Available data
+++

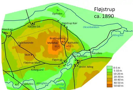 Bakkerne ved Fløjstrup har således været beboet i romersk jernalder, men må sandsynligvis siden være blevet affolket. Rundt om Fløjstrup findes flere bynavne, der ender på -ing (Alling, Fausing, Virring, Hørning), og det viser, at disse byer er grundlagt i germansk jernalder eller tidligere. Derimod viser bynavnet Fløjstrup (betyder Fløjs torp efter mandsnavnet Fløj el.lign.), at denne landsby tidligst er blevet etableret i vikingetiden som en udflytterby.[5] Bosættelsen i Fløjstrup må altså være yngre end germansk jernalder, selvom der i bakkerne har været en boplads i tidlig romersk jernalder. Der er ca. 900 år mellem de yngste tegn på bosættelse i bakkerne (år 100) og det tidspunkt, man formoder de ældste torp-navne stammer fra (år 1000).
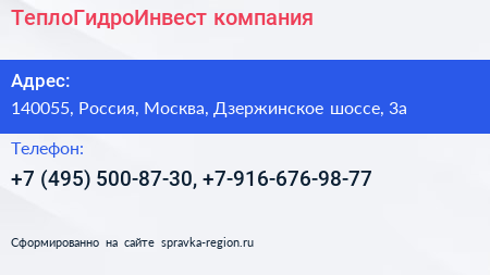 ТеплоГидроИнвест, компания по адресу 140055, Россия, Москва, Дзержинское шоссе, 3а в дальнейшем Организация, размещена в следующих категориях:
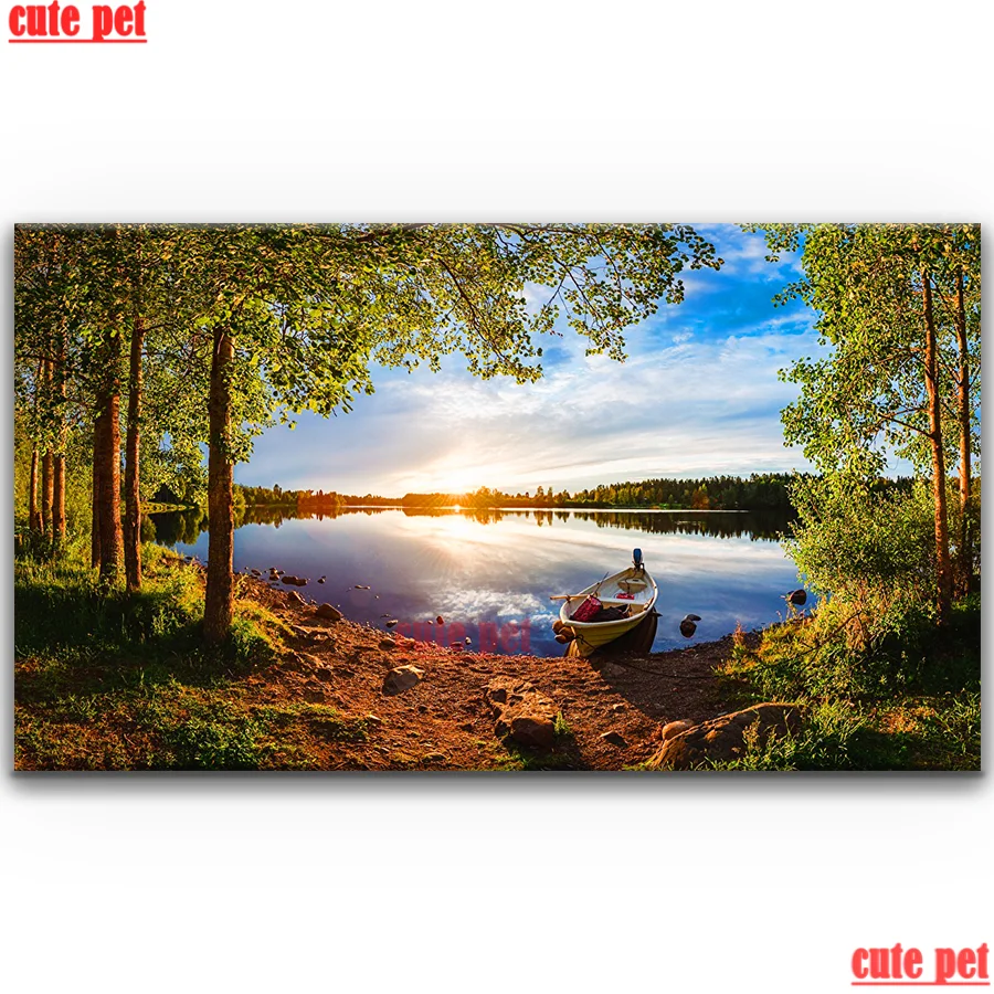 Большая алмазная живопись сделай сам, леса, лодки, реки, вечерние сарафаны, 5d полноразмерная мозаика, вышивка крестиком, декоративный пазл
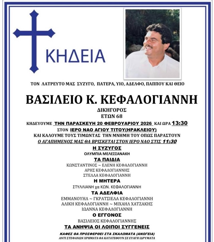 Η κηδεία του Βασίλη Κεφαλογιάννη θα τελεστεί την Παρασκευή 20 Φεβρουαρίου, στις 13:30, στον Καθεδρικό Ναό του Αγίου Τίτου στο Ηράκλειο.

+++

Leaving out only the pictures, reproduce the listing exactly.

Response
 Bakkerne ved Fløjstrup har således været beboet i romersk jernalder, men må sandsynligvis siden være blevet affolket. Rundt om Fløjstrup findes flere bynavne, der ender på -ing (Alling, Fausing, Virring, Hørning), og det viser, at disse byer er grundlagt i germansk jernalder eller tidligere. Derimod viser bynavnet Fløjstrup (betyder Fløjs torp efter mandsnavnet Fløj el.lign.), at denne landsby tidligst er blevet etableret i vikingetiden som en udflytterby.[5] Bosættelsen i Fløjstrup må altså være yngre end germansk jernalder, selvom der i bakkerne har været en boplads i tidlig romersk jernalder. Der er ca. 900 år mellem de yngste tegn på bosættelse i bakkerne (år 100) og det tidspunkt, man formoder de ældste torp-navne stammer fra (år 1000).
 ТеплоГидроИнвест, компания по адресу 140055, Россия, Москва, Дзержинское шоссе, 3а в дальнейшем Организация, размещена в следующих категориях:
 Большая алмазная живопись сделай сам, леса, лодки, реки, вечерние сарафаны, 5d полноразмерная мозаика, вышивка крестиком, декоративный пазл
 Η κηδεία του Βασίλη Κεφαλογιάννη θα τελεστεί την Παρασκευή 20 Φεβρουαρίου, στις 13:30, στον Καθεδρικό Ναό του Αγίου Τίτου στο Ηράκλειο.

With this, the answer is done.